У валькирий, не смотря на привитую жестокость, привязанность к своему потомству крайне сильная. А от того, встала еще одна проблема. Неудавшиеся матери в слепом отчаянии бросались на скалы. Зрелище было страшным….
— А что с крыльями? — вставил Арон.
— А что с ними? — не поняла она.
— По логике вещей, будь я твоим сыном, у меня должны были вырасти крылья.
— О, это совсем не обязательно. Как ты мог заметить, многие из нас носят стальные крылья. Такое было и раньше. Дети чистокровных родителей, как и дети боевых валькирий, не всегда имели крылья. Главное, это дар, который передается от матери. Возможность управлять им.
Мы… пробовали вживлять крылья мужчинам что остались, с нами добровольно. Но это печально кончилось…

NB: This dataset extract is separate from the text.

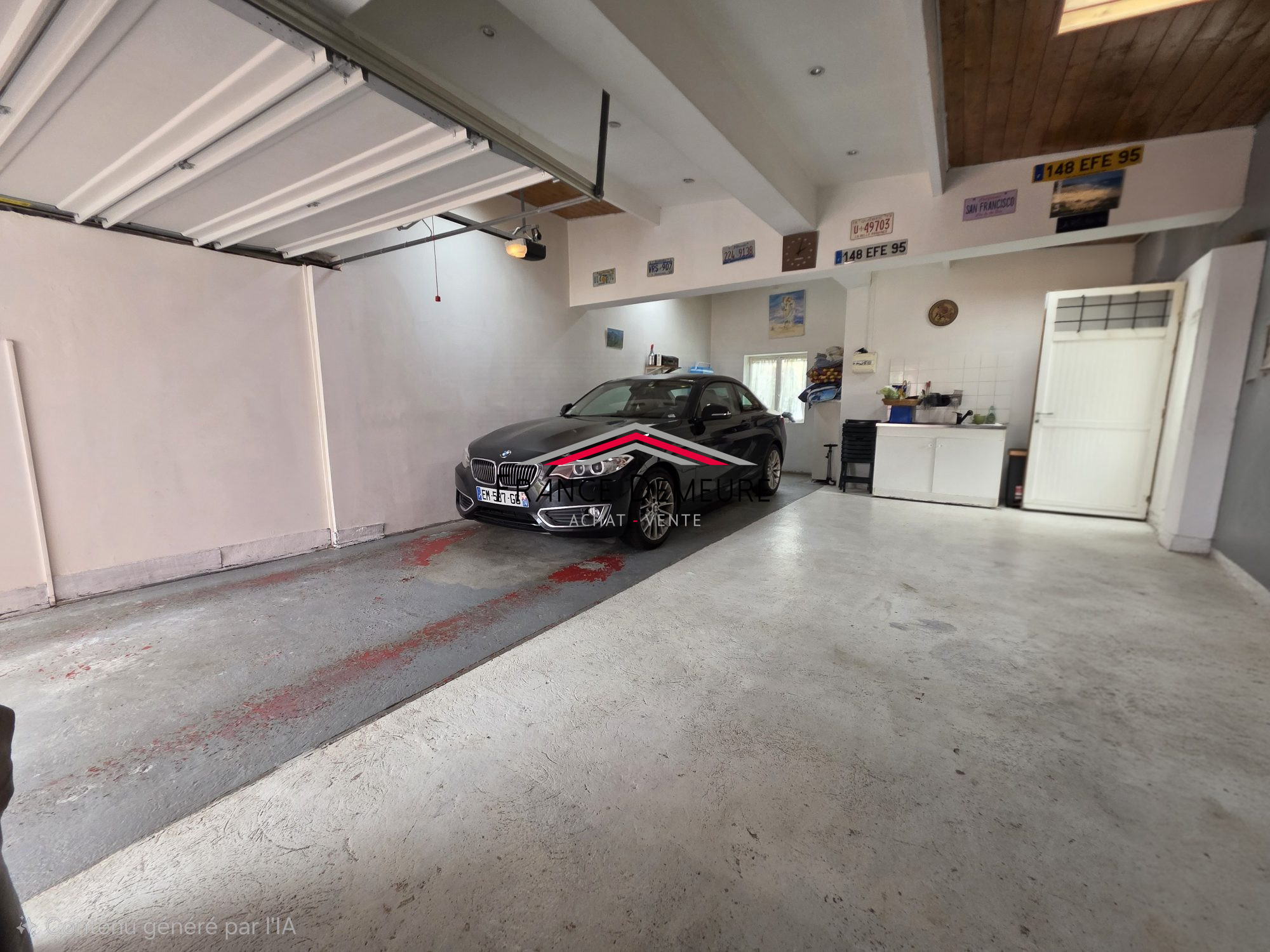 Le garage de plain-pied, d’une superficie de 48 m², bénéficie d’une fenêtre et de puits de lumière ainsi qu'un accès direct à la terrasse. Il offre un fort potentiel d’aménagement en espace de travail, atelier ou studio selon vos besoins.

— Вживлять? — переспросил кузнец.
— Да. Мы это умеем. Старейшины многое знают. Еще с тех времен, когда наш народ жил иначе.

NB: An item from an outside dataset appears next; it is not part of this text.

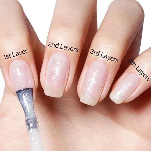 EACH LAYER IS DIFFERENT EFFECT – Sheer translucent gel polish has a light color ,applying thinly allows the color to become more even. Most importantly, its effect depends on your nail base color and the number of layers you apply ,the more coats you apply, the more visible the sparkle and color will be.
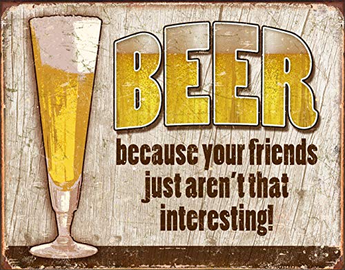 Desperate Enterprises Beer - Because Your Friends aren't That Interesting Tin Sign, 16" W x 12.5" H

— Интересно… И, что было дальше?
— Дальше… — она грустно улыбнулась — Наш король запретил нападать на людей. И тем более совокупляться. Теперь он хотел мира. Надо сказать, что и люди подустали от долгой вражды. Появились правители, с которыми стало возможно договариваться. Снова торговать.
Сольвейг же, младшая из чистокровных дочерей Ангуса и Гуты, выросшая на рассказах о славных битвах и, успевшая к тому времени, попробовать крови — подчиниться не смогла. Ее молодая горячность, и те навыки, которые воспитал отец, жаждали свободы. Рвались наружу. Вот наш король и приставил меня приглядывать за дочерью, в надежде, что эта бравада, вскоре, пройдет. Что за времена то были….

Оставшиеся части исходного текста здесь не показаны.